• Task input:

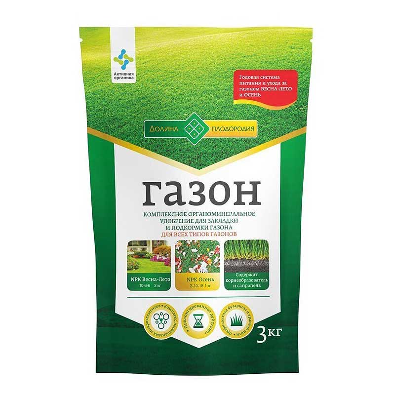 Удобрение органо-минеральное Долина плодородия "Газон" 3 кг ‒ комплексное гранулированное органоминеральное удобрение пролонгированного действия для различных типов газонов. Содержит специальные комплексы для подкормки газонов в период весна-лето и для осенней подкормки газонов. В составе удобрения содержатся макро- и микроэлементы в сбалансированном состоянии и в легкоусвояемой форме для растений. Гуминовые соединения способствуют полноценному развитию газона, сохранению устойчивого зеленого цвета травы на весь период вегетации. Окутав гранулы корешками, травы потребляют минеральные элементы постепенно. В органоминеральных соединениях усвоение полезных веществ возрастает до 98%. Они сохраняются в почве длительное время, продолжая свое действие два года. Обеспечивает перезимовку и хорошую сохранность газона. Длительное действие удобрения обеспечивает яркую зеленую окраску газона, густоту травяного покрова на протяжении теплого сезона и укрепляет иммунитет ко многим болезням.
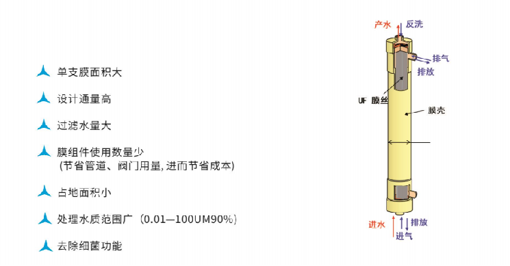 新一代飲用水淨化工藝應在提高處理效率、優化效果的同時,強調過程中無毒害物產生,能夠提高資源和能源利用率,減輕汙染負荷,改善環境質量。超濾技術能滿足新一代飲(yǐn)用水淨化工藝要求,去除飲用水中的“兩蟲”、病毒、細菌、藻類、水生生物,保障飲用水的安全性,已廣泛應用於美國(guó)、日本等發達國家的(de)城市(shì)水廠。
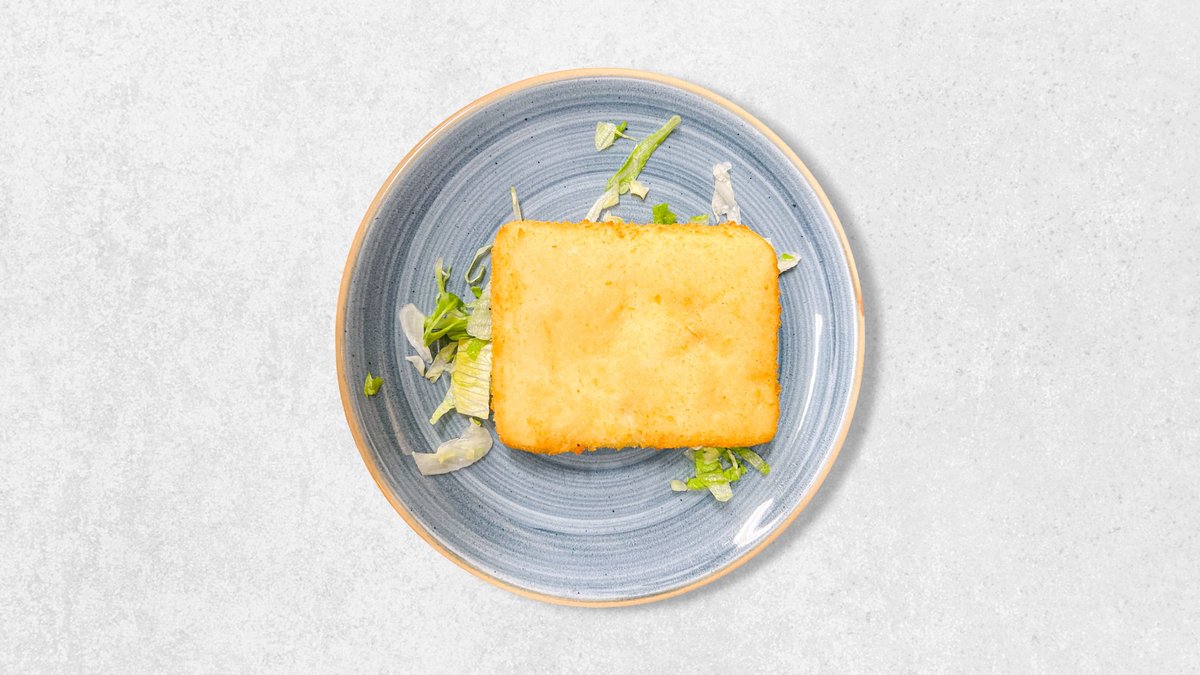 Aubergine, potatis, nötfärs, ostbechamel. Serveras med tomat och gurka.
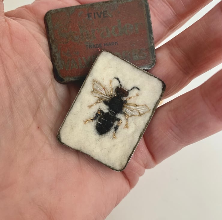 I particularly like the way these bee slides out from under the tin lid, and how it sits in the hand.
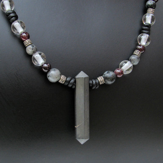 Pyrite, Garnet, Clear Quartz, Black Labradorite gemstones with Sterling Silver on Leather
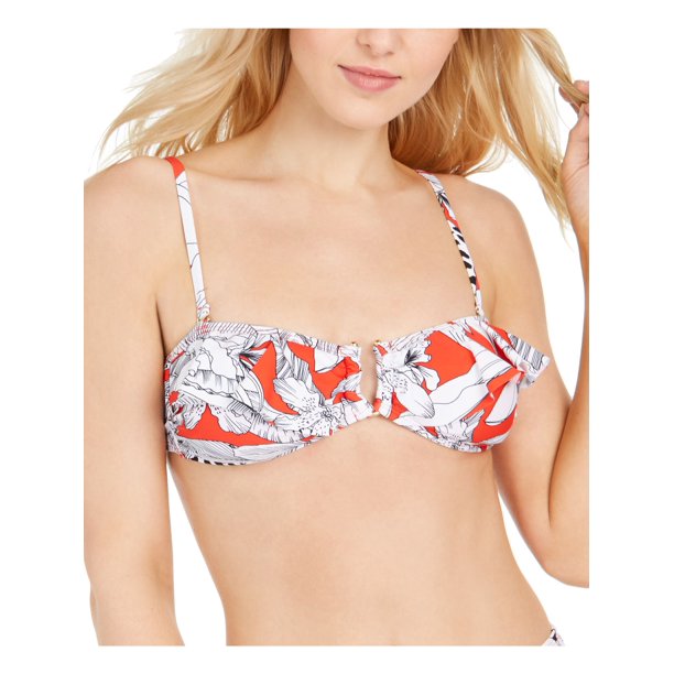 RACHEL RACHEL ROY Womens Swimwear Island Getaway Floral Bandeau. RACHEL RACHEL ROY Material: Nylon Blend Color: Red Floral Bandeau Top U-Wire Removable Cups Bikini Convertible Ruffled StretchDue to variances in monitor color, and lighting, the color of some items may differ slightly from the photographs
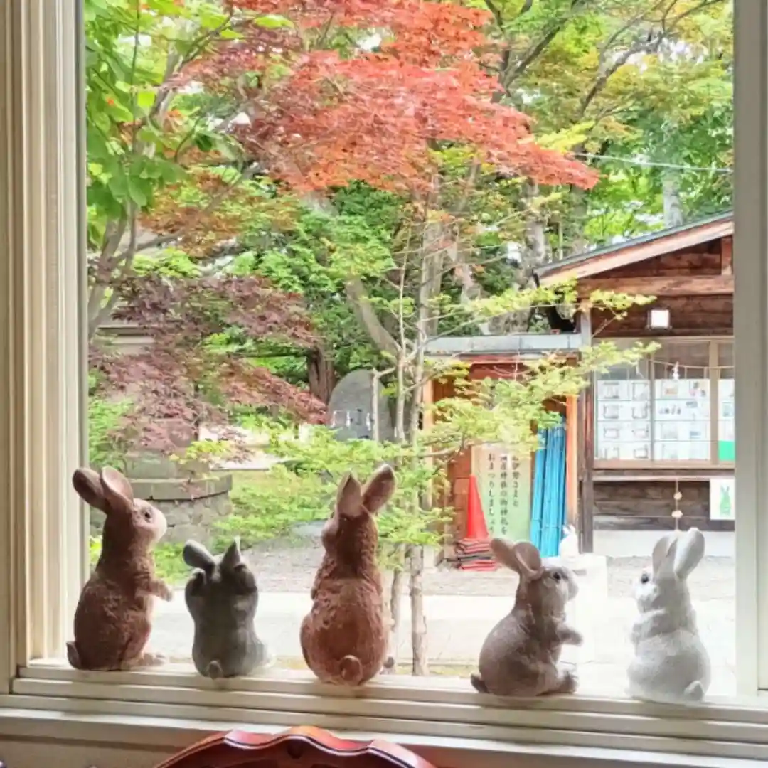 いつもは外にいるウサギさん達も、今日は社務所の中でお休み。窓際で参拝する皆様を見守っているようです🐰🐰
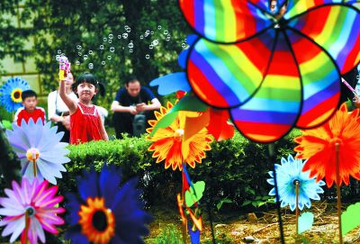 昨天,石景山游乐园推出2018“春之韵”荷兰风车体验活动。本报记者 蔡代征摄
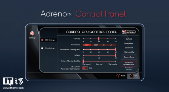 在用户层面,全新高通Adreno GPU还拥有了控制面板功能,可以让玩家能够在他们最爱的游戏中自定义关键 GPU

• The problem: Without the pictures, print the records in full, exactly as they appear.

• Output of the exercise:
 Удобрение органо-минеральное Долина плодородия "Газон" 3 кг ‒ комплексное гранулированное органоминеральное удобрение пролонгированного действия для различных типов газонов. Содержит специальные комплексы для подкормки газонов в период весна-лето и для осенней подкормки газонов. В составе удобрения содержатся макро- и микроэлементы в сбалансированном состоянии и в легкоусвояемой форме для растений. Гуминовые соединения способствуют полноценному развитию газона, сохранению устойчивого зеленого цвета травы на весь период вегетации. Окутав гранулы корешками, травы потребляют минеральные элементы постепенно. В органоминеральных соединениях усвоение полезных веществ возрастает до 98%. Они сохраняются в почве длительное время, продолжая свое действие два года. Обеспечивает перезимовку и хорошую сохранность газона. Длительное действие удобрения обеспечивает яркую зеленую окраску газона, густоту травяного покрова на протяжении теплого сезона и укрепляет иммунитет ко многим болезням.
 新一代飲用水淨化工藝應在提高處理效率、優化效果的同時,強調過程中無毒害物產生,能夠提高資源和能源利用率,減輕汙染負荷,改善環境質量。超濾技術能滿足新一代飲(yǐn)用水淨化工藝要求,去除飲用水中的“兩蟲”、病毒、細菌、藻類、水生生物,保障飲用水的安全性,已廣泛應用於美國(guó)、日本等發達國家的(de)城市(shì)水廠。
 Aubergine, potatis, nötfärs, ostbechamel. Serveras med tomat och gurka.
 I particularly like the way these bee slides out from under the tin lid, and how it sits in the hand.
 Pyrite, Garnet, Clear Quartz, Black Labradorite gemstones with Sterling Silver on Leather
 RACHEL RACHEL ROY Womens Swimwear Island Getaway Floral Bandeau. RACHEL RACHEL ROY Material: Nylon Blend Color: Red Floral Bandeau Top U-Wire Removable Cups Bikini Convertible Ruffled StretchDue to variances in monitor color, and lighting, the color of some items may differ slightly from the photographs
 いつもは外にいるウサギさん達も、今日は社務所の中でお休み。窓際で参拝する皆様を見守っているようです🐰🐰
 昨天,石景山游乐园推出2018“春之韵”荷兰风车体验活动。本报记者 蔡代征摄
 在用户层面,全新高通Adreno GPU还拥有了控制面板功能,可以让玩家能够在他们最爱的游戏中自定义关键 GPU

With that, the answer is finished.